Richard Biener  changed:

   What|Removed |Added

 Status|UNCONFIRMED |NEW
   Last reconfirmed||2014-09-03
   Target Milestone|--- |4.9.2
 Ever confirmed|0   |1

--- Comment #1 from Richard Biener  ---
Clearly caused by the correctness fix for setjmp to wire abnormal edges.

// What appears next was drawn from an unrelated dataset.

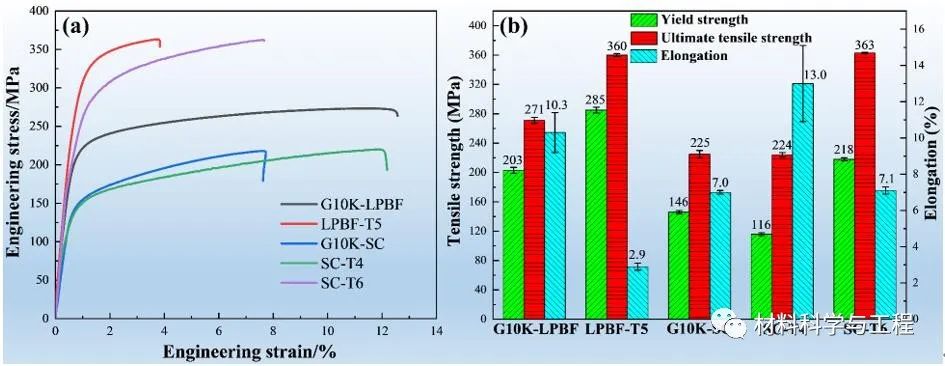 LPBF过程快速凝固导致打印态G10K合金中共晶相较少,可直接进行时效热处理。和铸造-T6态相比,打印态G10K合金拉伸强度低但是塑性更好,LPBF-T5态屈服强度更高,抗拉强度相当但是塑性更差。
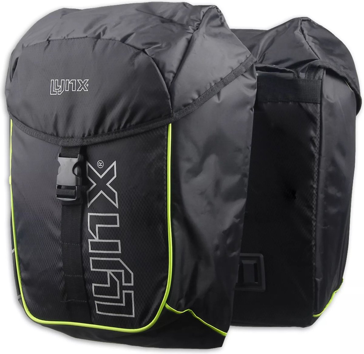 De dubbele fietstas model Lake van het merk Lynx, is een compacte en sportieve tas voor dames- en herenfiets. Met een inhoud van 31 liter is de tas uitermate geschikt voor het doen van boodschappen of een lange fietsrit. Verder zijn er aan de zijkanten twee elastische vakken aangebracht, waarin je o.a. een drinkfles kunt bewaren. De tas is gemaakt van waterafstotend polyester-ripstop en wordt standaard geleverd met een waterdichte regenhoes. De fietstas is gemakkelijk aan ieder type drager te bevestigen (ook e-bike) middels de riempjes. Het binnenvak van iedere tas is afzonderlijk af te sluiten met een trekkoordsluiting, waar de gespsluiting van het hoofdvak overheen valt. Voor extra zichtbaarheid zijn er reflecterende elementen aangebracht op de dubbele fietstas.

For me it is out-of-ssa which uses too much memory while building
the conflict graph.

We have gigantic PHI nodes here:

_10263(ab) = PHI <_109925(D)(ab)(2),, _10592(ab)(1489)>

it's fast when optimizing.

At -O0 we have a _lot_ more anonymous SSA names.

-O1:

  :
  # _1(ab) = PHI <_1902(3), _2(ab)(5)>
  _1905 = _setjmp (_1(ab));
  if (_1905 == 0)
goto ;
  else
goto ;

  
  # _2(ab) = PHI <_1895(D),  single gigantic PHI

-O0:

  :
  # _1(ab) = PHI <_398164(3), _2(ab)(5)>
  # _632(ab) = PHI <_397532(D)(ab)(3), _633(ab)(5)>
  # _1263(ab) = PHI <_397533(D)(ab)(3), _1264(ab)(5)>
  # _1894(ab) = PHI <_397534(D)(ab)(3), _1895(ab)(5)>
  # _2525(ab) = PHI <_397535(D)(ab)(3), _2526(ab)(5)>
...
  # _396900(ab) = PHI <_398160(D)(ab)(3), _396901(ab)(5)>
  _398165 = _setjmp (_1(ab));
  if (_398165 == 0)
goto ;
  else
goto ;

  
  # _2(ab) = PHI <_397531(D)(ab)(2)...

  # _396901(ab) = PHI <_398160(D)(ab)(2), _3...

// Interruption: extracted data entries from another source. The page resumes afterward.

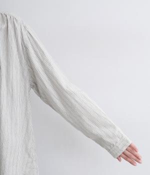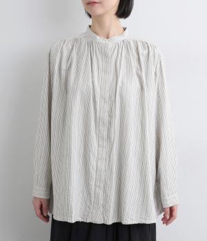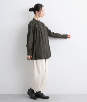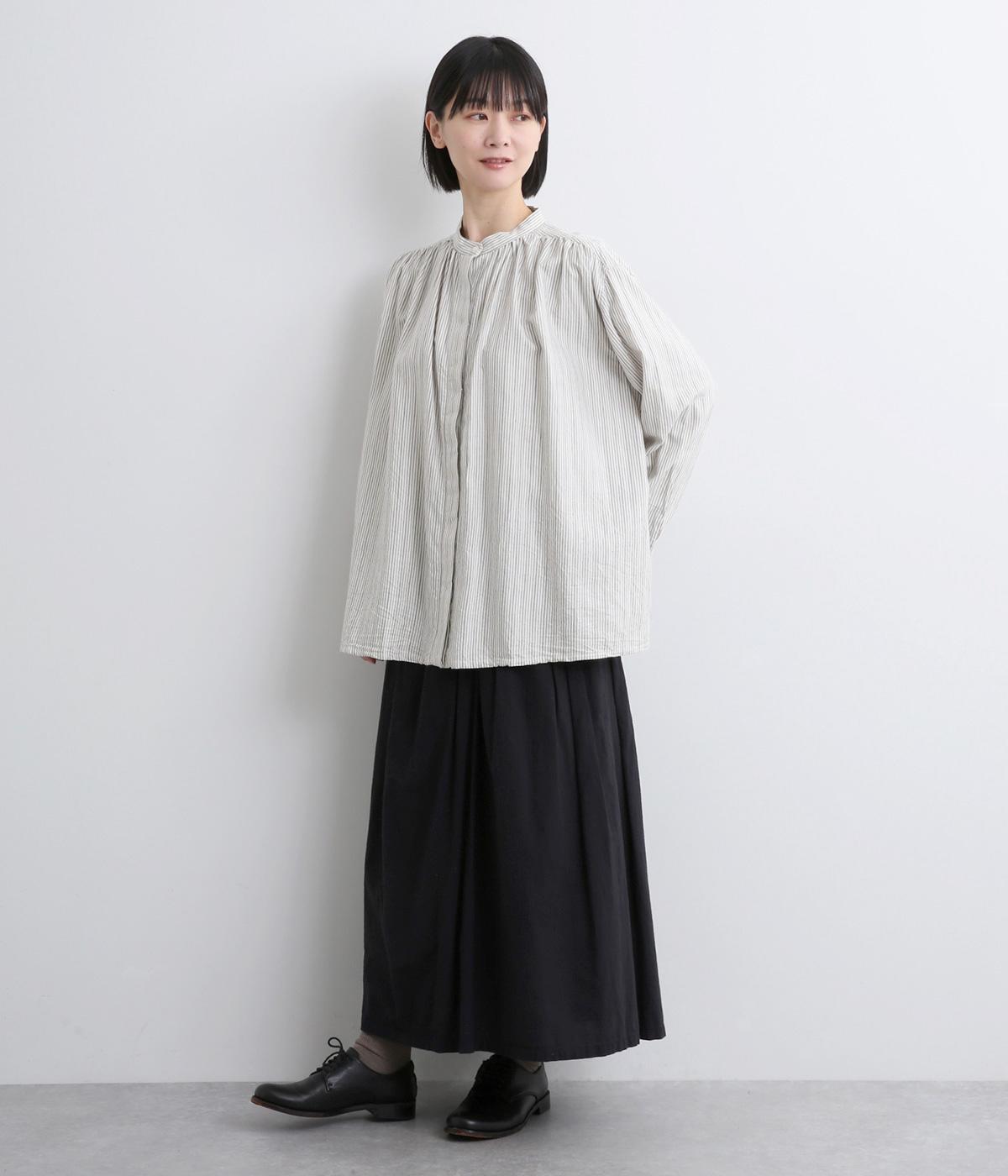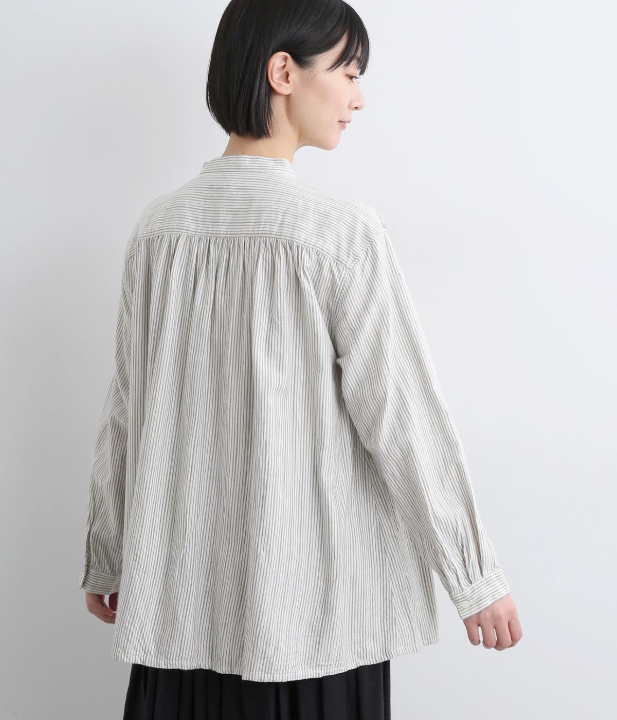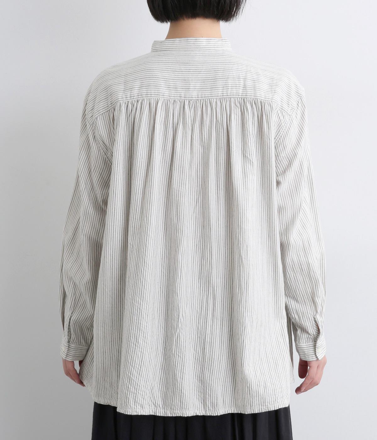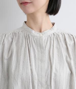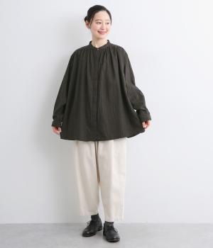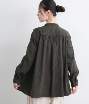 前後にたっぷりほどこしたギャザーが女性らしいシルエットをつくるシャツです。ゆったりした身幅でリラックス感のある着心地ながら、バンドカラーや比翼仕立ての前立てですっきりとバランスよく仕上げました。
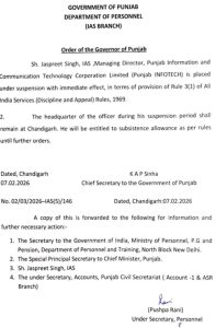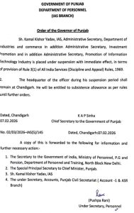 सरकारी आदेशों के अनुसार, उद्योग, निवेश प्रोत्साहन और सूचना प्रौद्योगिकी प्रोत्साहन विभाग के प्रशासनिक सचिव कमल किशोर यादव और जसप्रीत सिंह, जो पंजाब इन्फोटेक के प्रबंध निदेशक थे, को तत्काल प्रभाव से निलंबित किया गया है। निलंबन की अवधि के दौरान दोनों अधिकारियों को चंडीगढ़ स्थित राज्य मुख्यालय में रिपोर्ट करने के निर्देश दिए गए हैं।
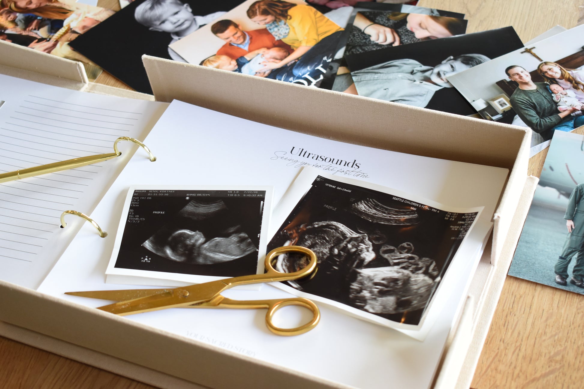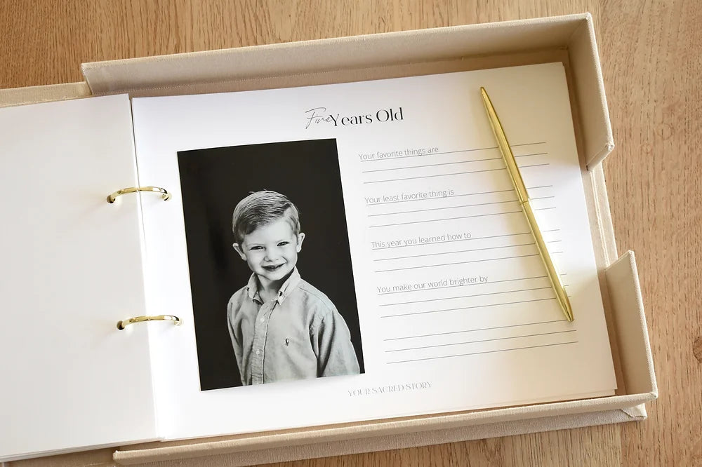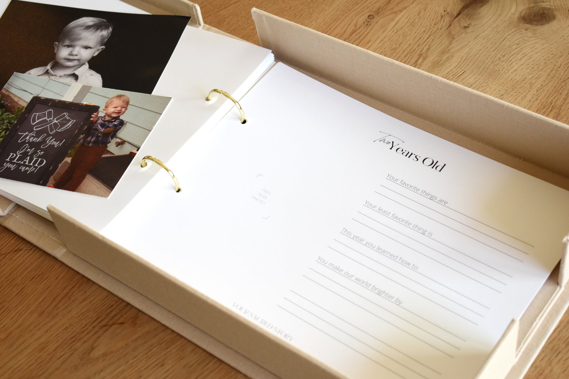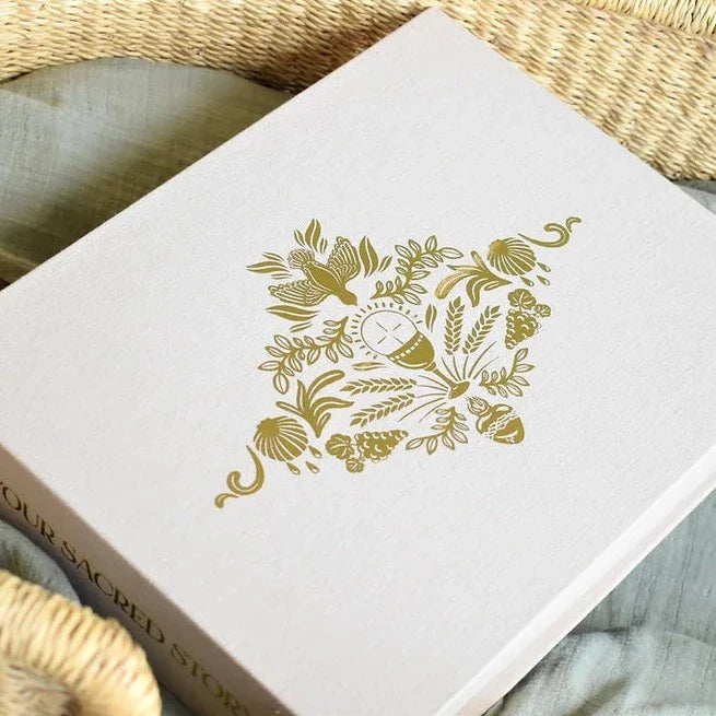 Your pregnancy journal, birth story, infancy tracker, sacraments keepsake and childhood memory book all wrapped into one beautiful (Catholic) heirloom linen binder box.

gazillion of gigantic PHIs.  And very many PHIs in every block.

It's into-SSA that introduces the difference for the PHI nodes
but already GIMPLIFICATION that introduces very many more
temporaries which is the underlying issue (lookup_tmp_var
!optimize check).

Index: gcc/gimplify.c
===
--- gcc/gimplify.c  (revision 214810)
+++ gcc/gimplify.c  (working copy)
@@ -476,7 +476,7 @@ lookup_tmp_var (tree val, bool is_formal
  block, which means it will go into memory, causing much extra
  work in reload and final and poorer code generation, outweighing
  the extra memory allocation here.  */
-  if (!optimize || !is_formal || TREE_SIDE_EFFECTS (val))
+  if (!is_formal || TREE_SIDE_EFFECTS (val))
 ret = create_tmp_from_val (val);
   else
 {

fixes it (but it means that changing the testcase to use more distinct
user variables would produce the same issue even when optimizing).